Tip: If you have a job within a company be sure that your withholding reflects any extra income based on your side gig (e.g. boarding pets at your house through Rover or driving to get a ride-share company like Uber on weekends). Use Payroll tax compliance -4, Employee’s Withholding Allowance Certificate, to create any adjustments and submit it for your employer who’ll utilize it to find the amount of federal income tax to become withheld from pay.
New Business Owner
As you may not necessarily think about yourself like a newly self-employed business proprietor, the IRS does. So, even when you work through a business like Airbnb or Rover, you might be considered a business owner and therefore are responsible for your own taxes (including paying estimated taxes if you want to).

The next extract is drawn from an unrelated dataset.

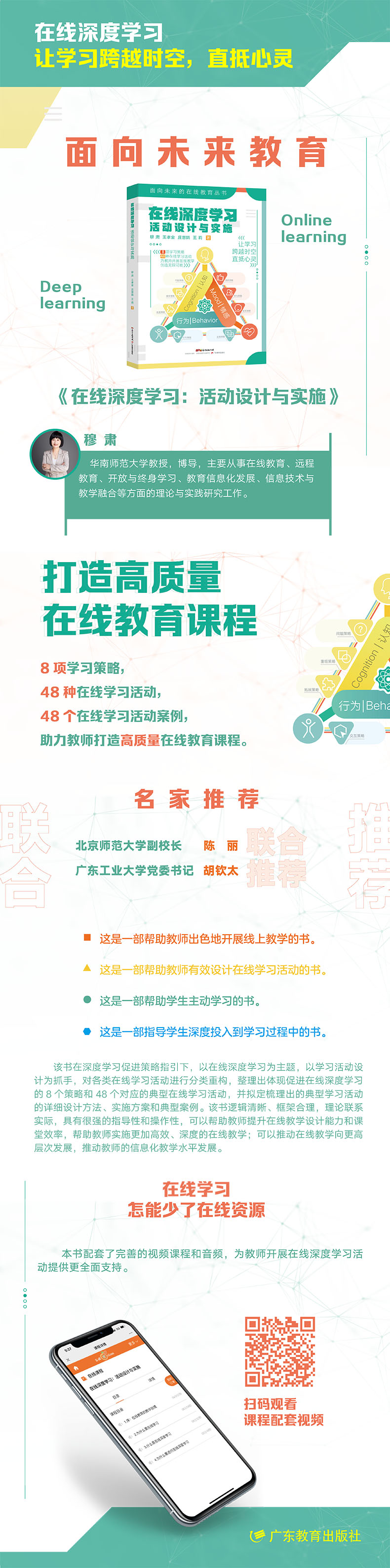 该书在深度学习促进策略指引下,以在线深度学习为主题,以学习活动设计为抓手,对各类在线学习活动进行分类重构,整理出体现促进在线深度学习的8个策略和48个对应的典型在线学习活动,并拟定梳理出的典型学习活动的详细设计方法、实施方案和典型案例。该书逻辑清晰、框架合理,理论联系实际,具有很强的指导性和操作性。可以帮助教师提升在线教学设计能力和课堂效率,帮助教师实施更加高效、深度的在线教学;可以推动在线教学向更高层次发展,推动教师的信息化教学水平发展。
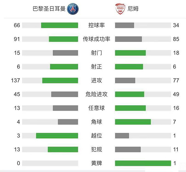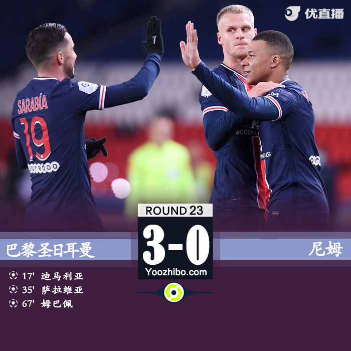随后全场比赛结束,巴黎圣日耳曼3-0尼姆暂时升至积分榜第二。

The choice is yours to help keep a record of income and expenses–and of course, to help keep good records that substantiate your earnings and expenses (more on this below).

Note:In the event you receive income from a sharing economy activity, it’s generally taxable although you may don’t get a Form 1099-MISC, Miscellaneous Income, Form 1099-K, Payment Card and Third Party Network Transactions, Form W-2, Wage and Tax Statement, or some other income statement.

And today, for the great news. Like a business proprietor, you might be entitled to certain deductions (subject to special rules and limits) that you cannot take as an employee. Deductions reduce the level of rental income that’s susceptible to tax. You could also be able to deduct expenses directly related to enhancements made just for your invited guests. For example, should you rent a space within your apartment through Airbnb, amounts spent on draperies, linens, or possibly a bed, could be deductible.